----- Material for the task

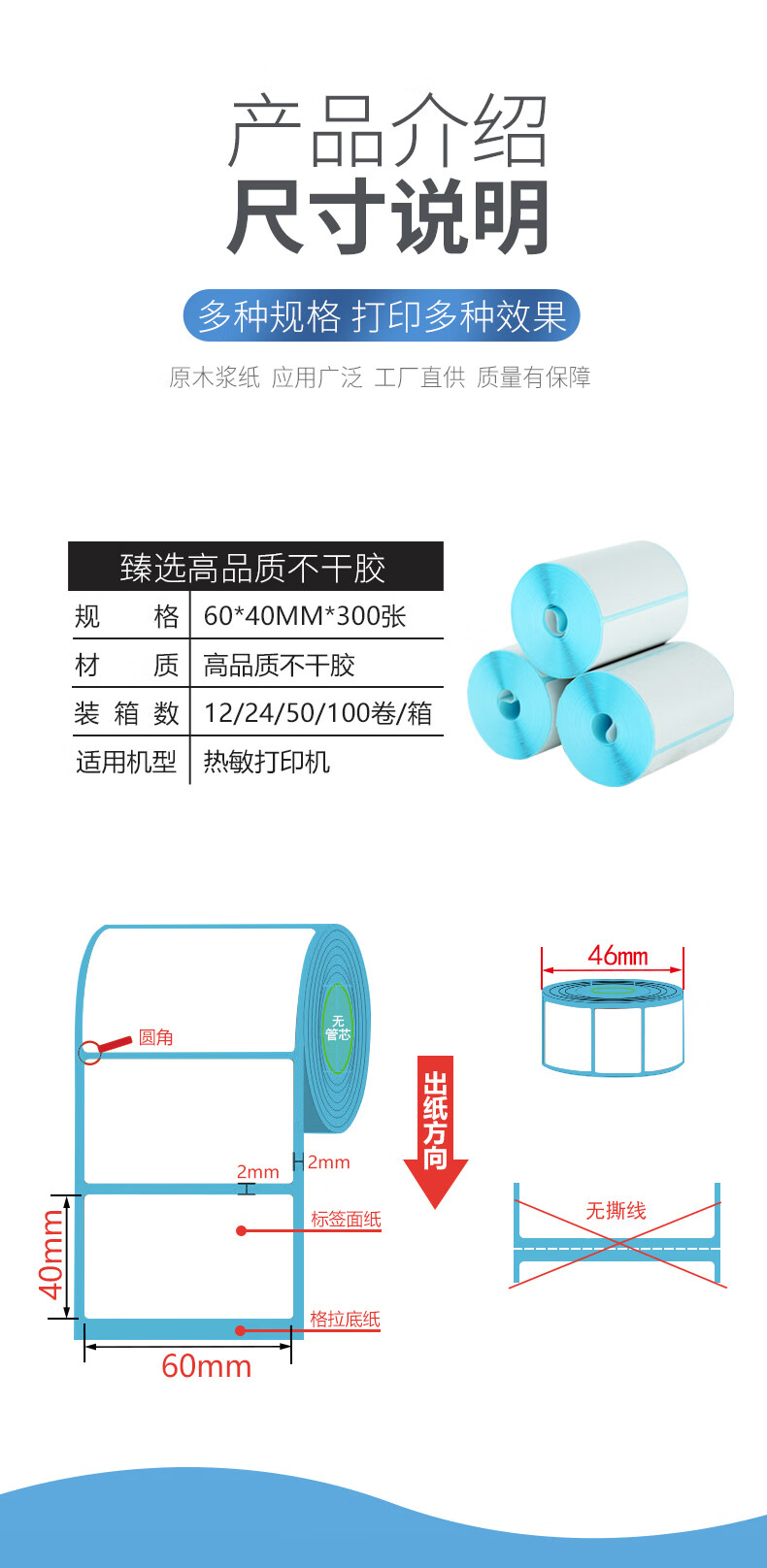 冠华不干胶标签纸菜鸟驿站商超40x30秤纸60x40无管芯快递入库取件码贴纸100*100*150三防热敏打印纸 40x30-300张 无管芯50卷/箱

----------
----- Material for the task

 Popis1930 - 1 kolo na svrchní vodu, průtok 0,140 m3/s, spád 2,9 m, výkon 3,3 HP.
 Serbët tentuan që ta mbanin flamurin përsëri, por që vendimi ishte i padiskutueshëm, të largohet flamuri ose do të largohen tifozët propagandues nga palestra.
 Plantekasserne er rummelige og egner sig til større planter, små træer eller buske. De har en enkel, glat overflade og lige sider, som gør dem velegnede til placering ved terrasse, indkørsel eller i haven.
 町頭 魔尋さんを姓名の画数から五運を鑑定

----------
----- Material for the task

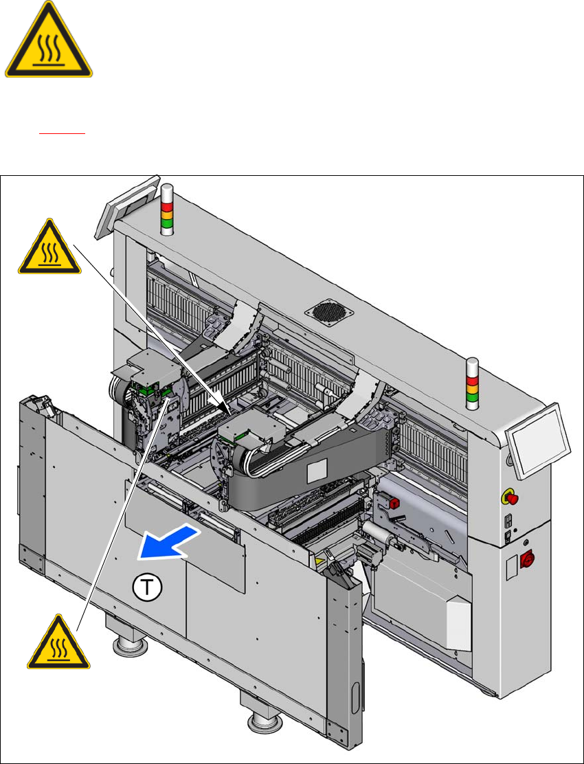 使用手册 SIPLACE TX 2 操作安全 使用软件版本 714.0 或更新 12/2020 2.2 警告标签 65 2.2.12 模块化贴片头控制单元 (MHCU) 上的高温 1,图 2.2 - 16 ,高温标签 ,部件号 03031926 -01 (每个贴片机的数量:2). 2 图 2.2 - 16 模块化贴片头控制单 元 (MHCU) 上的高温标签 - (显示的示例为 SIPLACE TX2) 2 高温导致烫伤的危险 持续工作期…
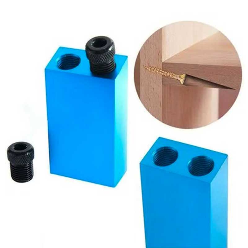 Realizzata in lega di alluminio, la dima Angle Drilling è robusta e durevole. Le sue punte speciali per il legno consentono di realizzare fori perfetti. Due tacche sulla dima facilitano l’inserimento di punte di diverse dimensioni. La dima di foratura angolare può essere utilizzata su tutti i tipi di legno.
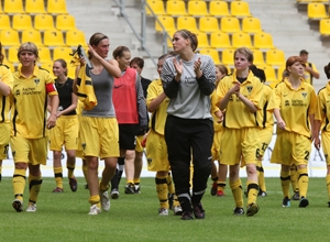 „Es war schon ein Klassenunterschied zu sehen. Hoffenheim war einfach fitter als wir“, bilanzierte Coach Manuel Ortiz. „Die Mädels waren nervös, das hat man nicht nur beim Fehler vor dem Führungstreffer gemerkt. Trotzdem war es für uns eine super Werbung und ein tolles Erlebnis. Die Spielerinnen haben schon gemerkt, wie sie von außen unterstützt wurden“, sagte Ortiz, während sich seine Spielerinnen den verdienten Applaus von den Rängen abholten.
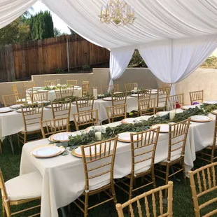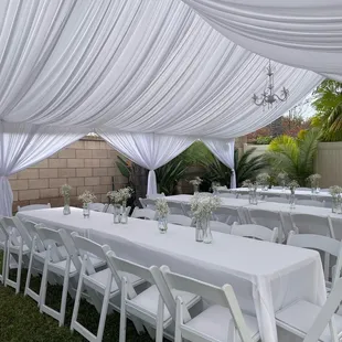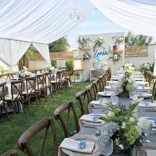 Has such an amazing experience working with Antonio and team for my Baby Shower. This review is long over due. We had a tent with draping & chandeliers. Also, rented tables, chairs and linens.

----------

Reproduce word for word the material above, starting with the line that has "Serbët tentuan që" and stopping after the line that has "町頭 魔尋さんを姓名の画数から五運を鑑定".

- Reply to the task
 Serbët tentuan që ta mbanin flamurin përsëri, por që vendimi ishte i padiskutueshëm, të largohet flamuri ose do të largohen tifozët propagandues nga palestra.
 Plantekasserne er rummelige og egner sig til større planter, små træer eller buske. De har en enkel, glat overflade og lige sider, som gør dem velegnede til placering ved terrasse, indkørsel eller i haven.
 町頭 魔尋さんを姓名の画数から五運を鑑定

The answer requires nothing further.